From the point of view of “who is the self,” each of the major schools of Buddhism prevalent in the West contains orthodox elements inimical to antidepressants. In the Theravada tradition of southeast Asia, for example, a narrow interpretation of the Fifth Precept lends itself to rejecting antidepressants as mind-altering intoxicants. In traditional Asian Zen, the psychological self is not an appropriate subject for study. In contrast, the Vajrayana practices of Tibet include examining one’s own anger, greed, and fears and making them grist for the mill. When Tibetan Buddhism first took hold in the United States, during a therapy boom, there was a widespread sense among Vajrayana students that their practices precluded a need for therapeutic help—verbal or pharmacological.

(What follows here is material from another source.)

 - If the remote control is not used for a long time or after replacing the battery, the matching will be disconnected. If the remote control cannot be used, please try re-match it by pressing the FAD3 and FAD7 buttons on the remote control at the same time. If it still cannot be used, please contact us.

Fluoxetine hydrochloride, or Prozac, was unleashed on the market in 1987, quickly becoming a extraordinary cash-cow for its maker, Eli Lilly. A stream of Prozac “wannabes” followed, their very names (Zoloft, Paxil, Luvox) suggesting sublime lassitude, or levitation above the turmoil of samsara. Every day there are more antidepressants in the family known as Selective Serotonin Reuptake Inhibitors (or SSRIs), a term coined by SmithKline Beecham, maker of Paxil. SSRIs are designed around serotonin (chemical name, 5HT), a natural chemical found in large concentrations in the gut walls, the walls of blood vessels, and in blood platelets, as well as throughout the brain. Neurons (brain cells) communicate by means of chemical messengers, such as serotonin, which are released into the small gap, or synapse, between neurons. After being released into the synapse, the serotonin must connect with specially designed receptor molecules on the postsynaptic cell to transmit its message. SSRIs are supposed to enhance the amount of available serotonin for a longer duration by inhibiting the reuptake of the chemical by the presynaptic neuron. The hype about SSRIs is that they “target” serotonin neurons cleanly and efficiently, without scattershot effects on other neurotransmitter systems such as norepinephrine or dopamine. Whether this is actually true is another matter.

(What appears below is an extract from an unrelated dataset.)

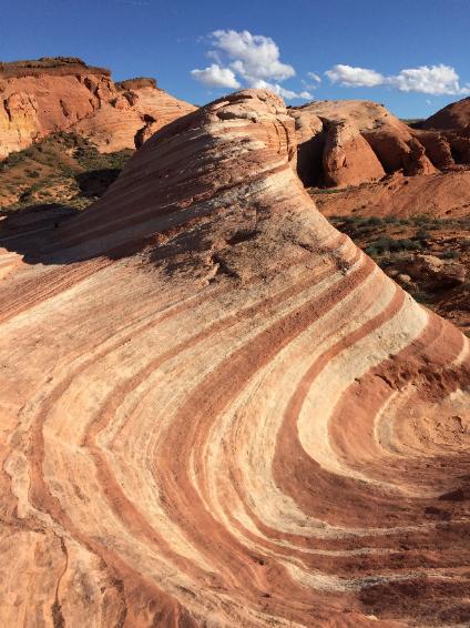The Wave Trail Head is located at parking lot # 3 on the road to White Domes. The hike is 1.2 miles round trip.

There is an old science writer’s axiom that any new medical treatment can be guaranteed to generate two headlines. The first is “Treatment X is a miracle cure”; the second, a year or so later, is “Dangers of X Revealed.” So it is with Prozac and its cousins. With the enormous success of Listening to Prozac, Dr. Kramer became the Pied Piper of the newly minted SSRI, hailing it as “a designed drug, sleek and high-tech,” that “comes from a world even most doctors do not understand.” Because patients do not normally feel “drugged” on SSRIs, he asserted, these nouveau antidepressants could be prescribed for “less ill patients”— patients who do not meet the criteria for major depression but suffer from a kind of chronic melancholia known as dysthymia. It was primarily among such patients—with dysthymia, anhedonia, social maladroitness, and, especially, “extreme rejection sensitivity”—that Kramer observed a phenomenon of fairytale proportions. On 20 milligrams a day of Prozac, some of these people didn’t just emerge from depression but underwent profound metamorphoses. Before Prozac they were self-effacing, timid, inhibited wallflowers and milquetoasts; after Prozac they were the life of the party, the head salesman, the belle of the ball.